The United Nations Panel of Experts described in 2017 how North Korean banks have been able to evade sanctions and continue to access the international banking system. Specifically, despite strengthened financial sanctions, North Korean networks are adapting by using greater ingenuity in accessing formal banking channels. This includes maintaining correspondent bank accounts and representative offices abroad that are staffed by foreign nationals making use of front companies. These broad interwoven networks allow North Korean banks to conduct illicit procurement and banking activity.

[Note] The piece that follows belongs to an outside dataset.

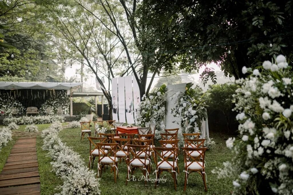 Untuk intimate wedding, tempat ini cocok bagi pasangan yang ingin nuansa garden party yang santai namun tetap elegan. Area outdoor-nya memungkinkan penataan meja panjang atau kursi mengelilingi altar sederhana. Saat sore menjelang, suasana berubah hangat dengan lampu-lampu kecil yang menyala perlahan.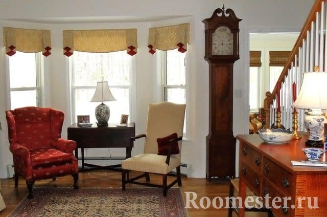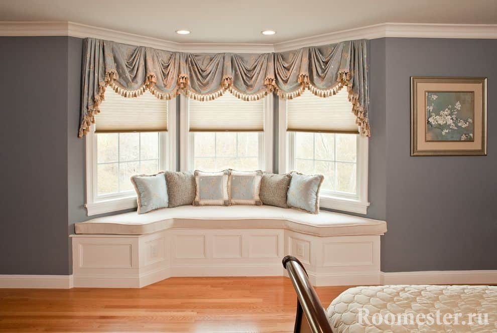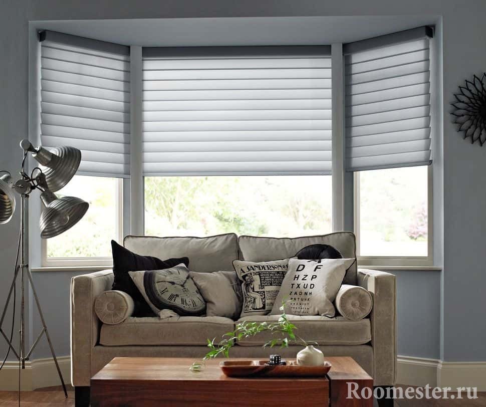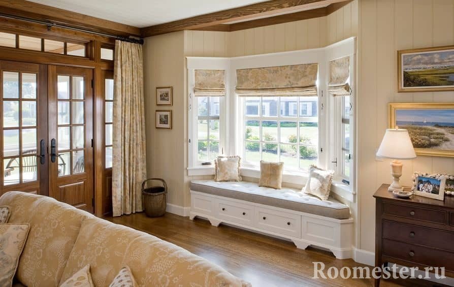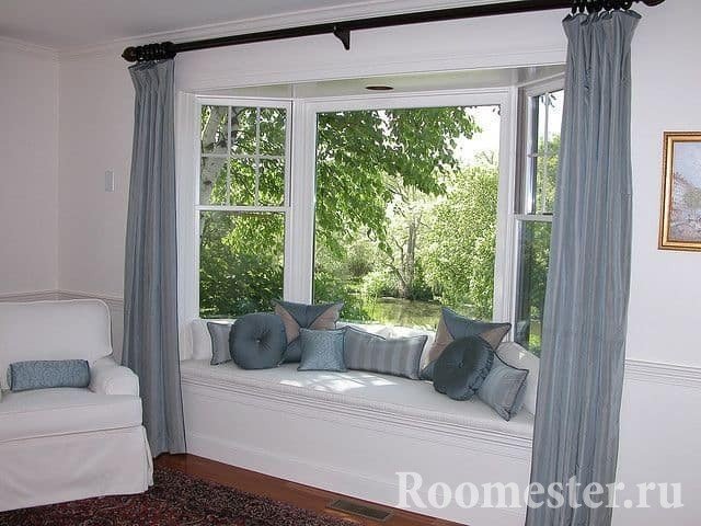La ventana salediza en el interior es principalmente la ubicación de aberturas de ventana adicionales, será necesario levantarla sobre la base de esto. En algunos casos, para la decoración, puede usar cortinas colocadas en una repisa especial que repetirá los contornos de las paredes. Debe elegir telas ligeras que transmitan bien la luz. También puede usar persianas o persianas enrollables.

The complaint alleges activity by the three companies that tracks this paradigm. The first company which is the subject of the complaint, the one identified as “Cooperating Company,” has agreed to the forfeiture of its funds. As part of its agreement to cooperate with the government, this company acknowledged that it was directed by an unauthorized Chinese money remitter to send payments to North Korean companies, when this company was seeking discounted rates for exchanging currency. Apex Choice, a wax company, is accused of paying numerous North Korean front companies with no relation to the wax industry. In a submission to the government, Apex Choice claimed that the known North Korean financial facilitators were wax companies in China. Chilbo, a North Korean wood exporting company based out of Equatorial Guinea, allegedly sold wood produced by North Koreans in forced labor camps to Yuanye Wood. According to the complaint, Yuanye Wood paid known North Korean financial facilitators for these services.
The claims made in the complaint are only allegations and do not constitute a determination of liability.
The FBI’s Phoenix Field Office is investigating the case. Assistant U.S Attorneys Arvind K. Lal, Zia M. Faruqui, and Brian P. Hudak are litigating the case, with assistance from Paralegal Specialist Brian Rickers, Legal Assistant Jessica McCormick and former Paralegal Specialist Toni Anne Donato, and Assistant U.S Attorney Ari Redbord.